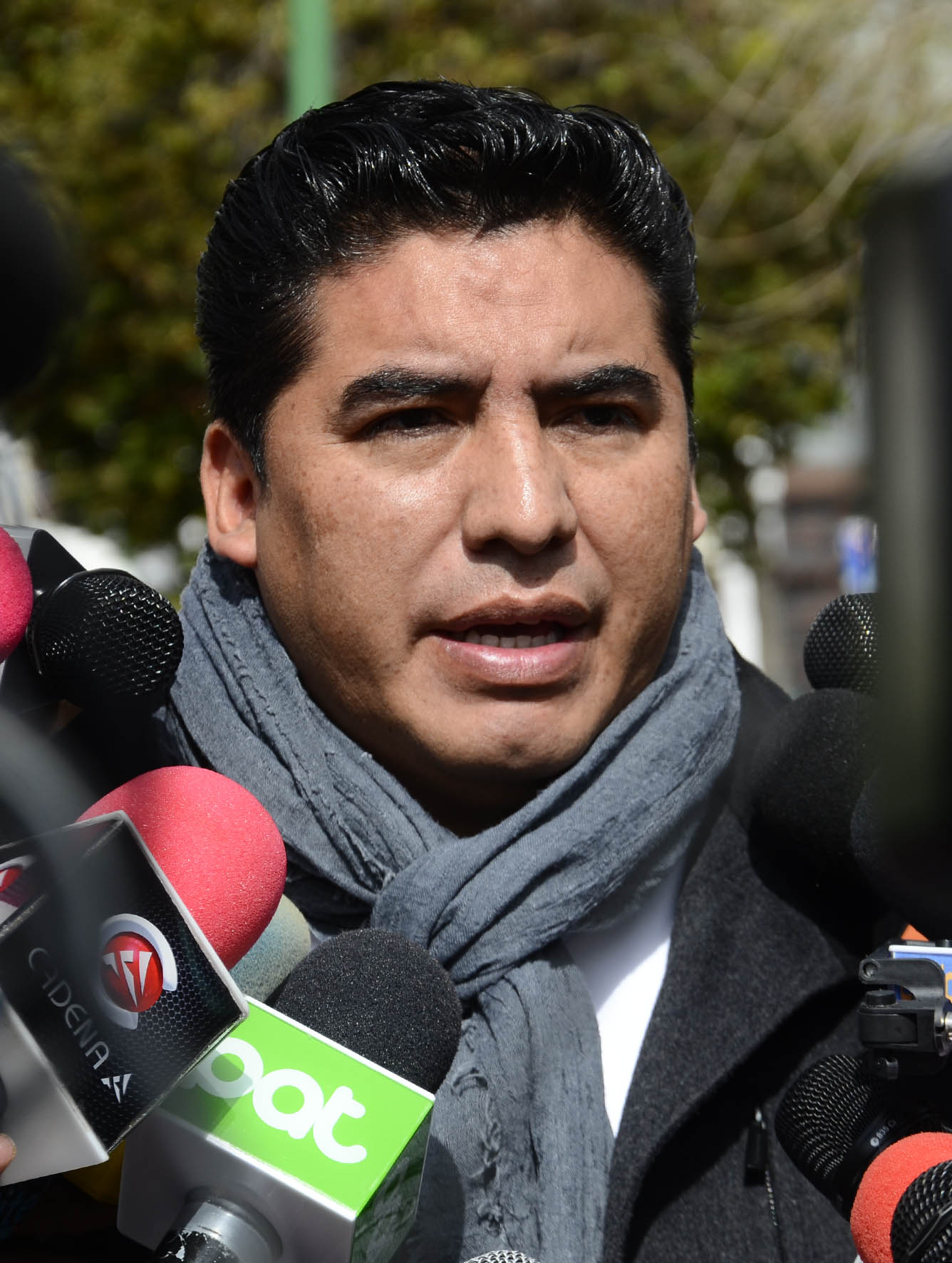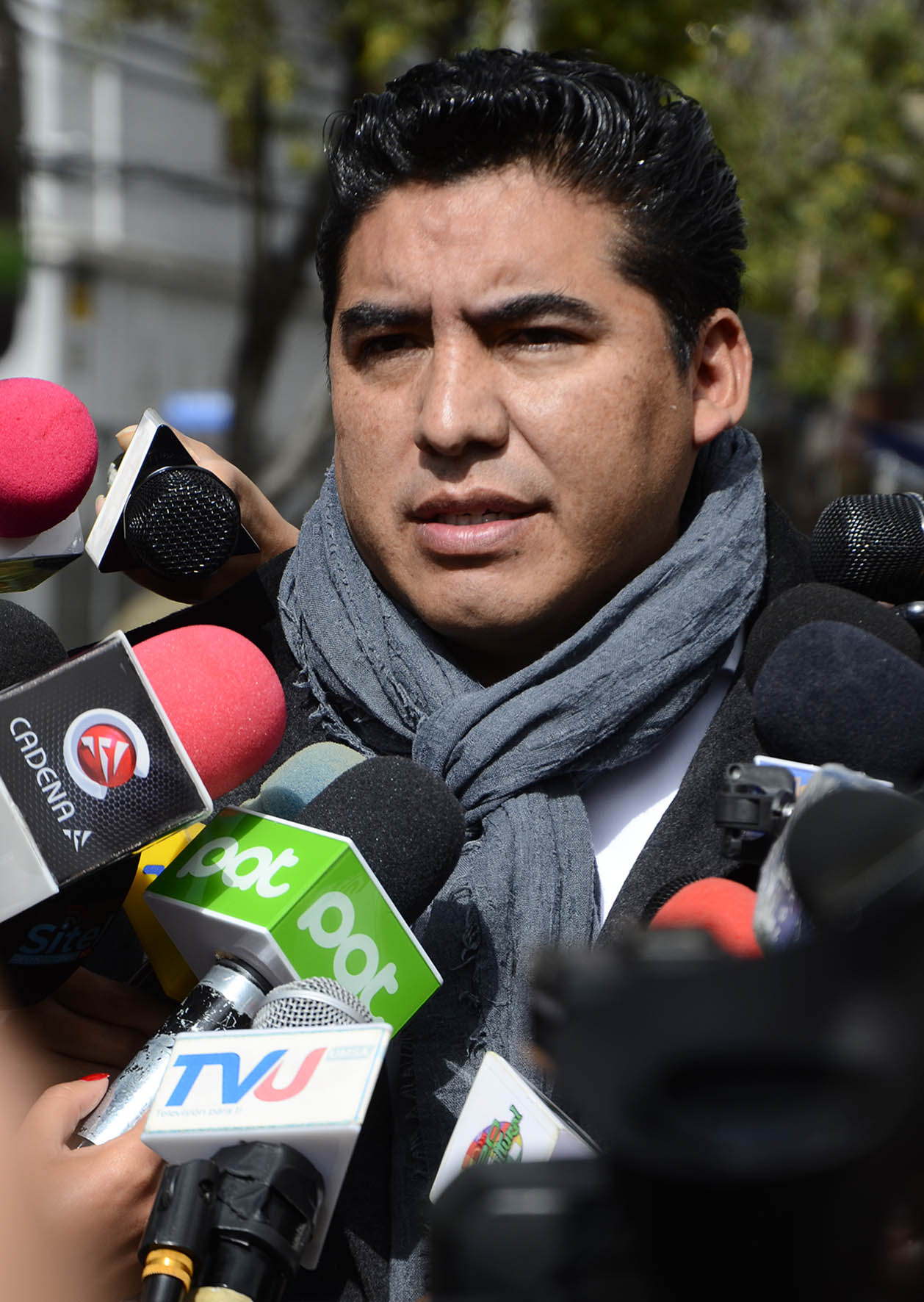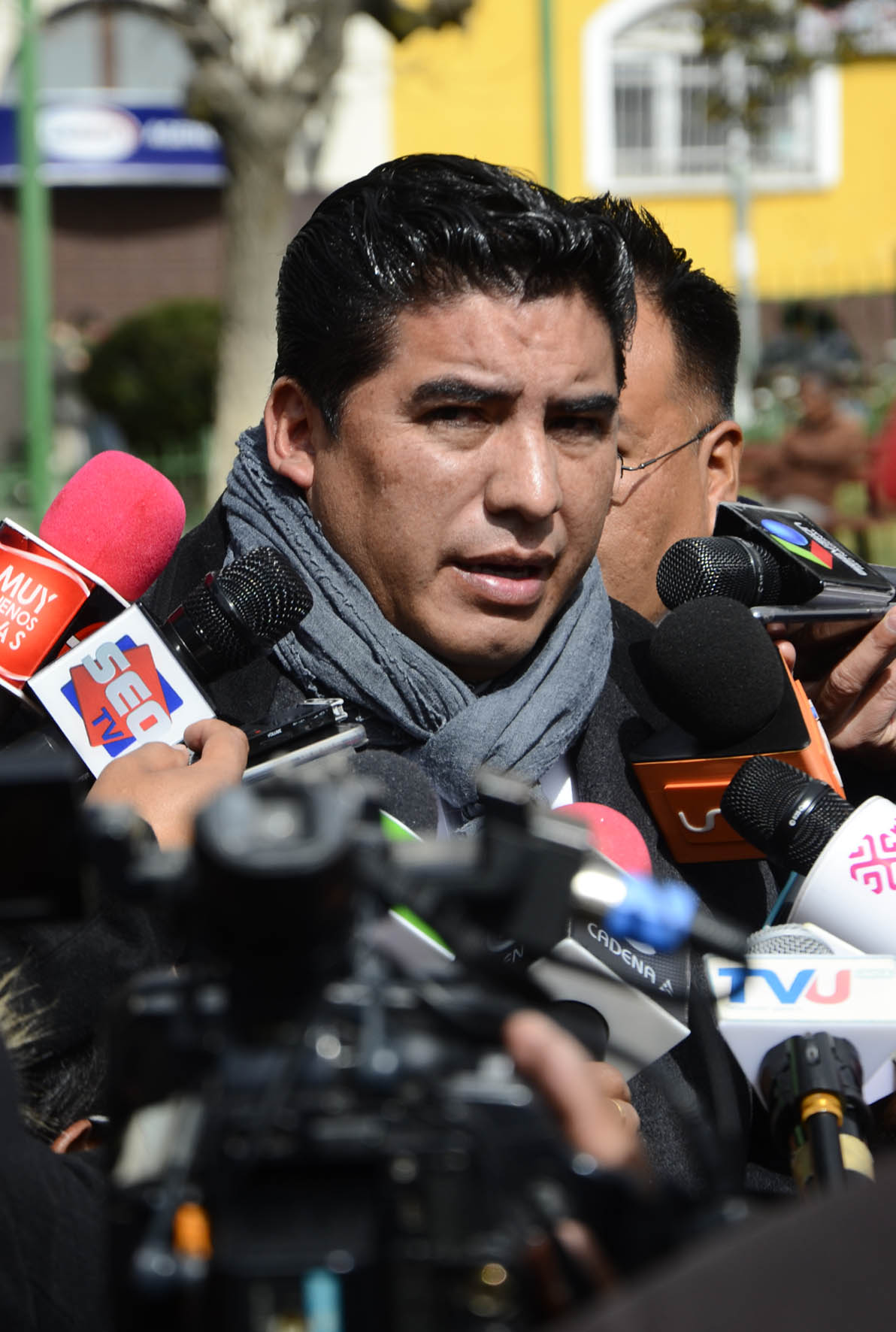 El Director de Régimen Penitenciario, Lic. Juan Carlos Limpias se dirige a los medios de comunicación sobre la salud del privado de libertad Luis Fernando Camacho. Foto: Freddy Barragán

========================================

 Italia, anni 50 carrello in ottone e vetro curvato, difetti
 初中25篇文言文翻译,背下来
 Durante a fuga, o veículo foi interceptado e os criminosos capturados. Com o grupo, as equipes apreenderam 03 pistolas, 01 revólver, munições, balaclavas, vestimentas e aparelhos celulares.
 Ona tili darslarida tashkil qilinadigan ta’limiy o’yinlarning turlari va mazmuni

========================================

• **Work required**
Among the lines above, repeat exactly those from the line with "初中25篇文言文翻译,背下来" to the line with "Ona tili darslarida", counting both ends.

• **Answer space**
 初中25篇文言文翻译,背下来
 Durante a fuga, o veículo foi interceptado e os criminosos capturados. Com o grupo, as equipes apreenderam 03 pistolas, 01 revólver, munições, balaclavas, vestimentas e aparelhos celulares.
 Ona tili darslarida tashkil qilinadigan ta’limiy o’yinlarning turlari va mazmuni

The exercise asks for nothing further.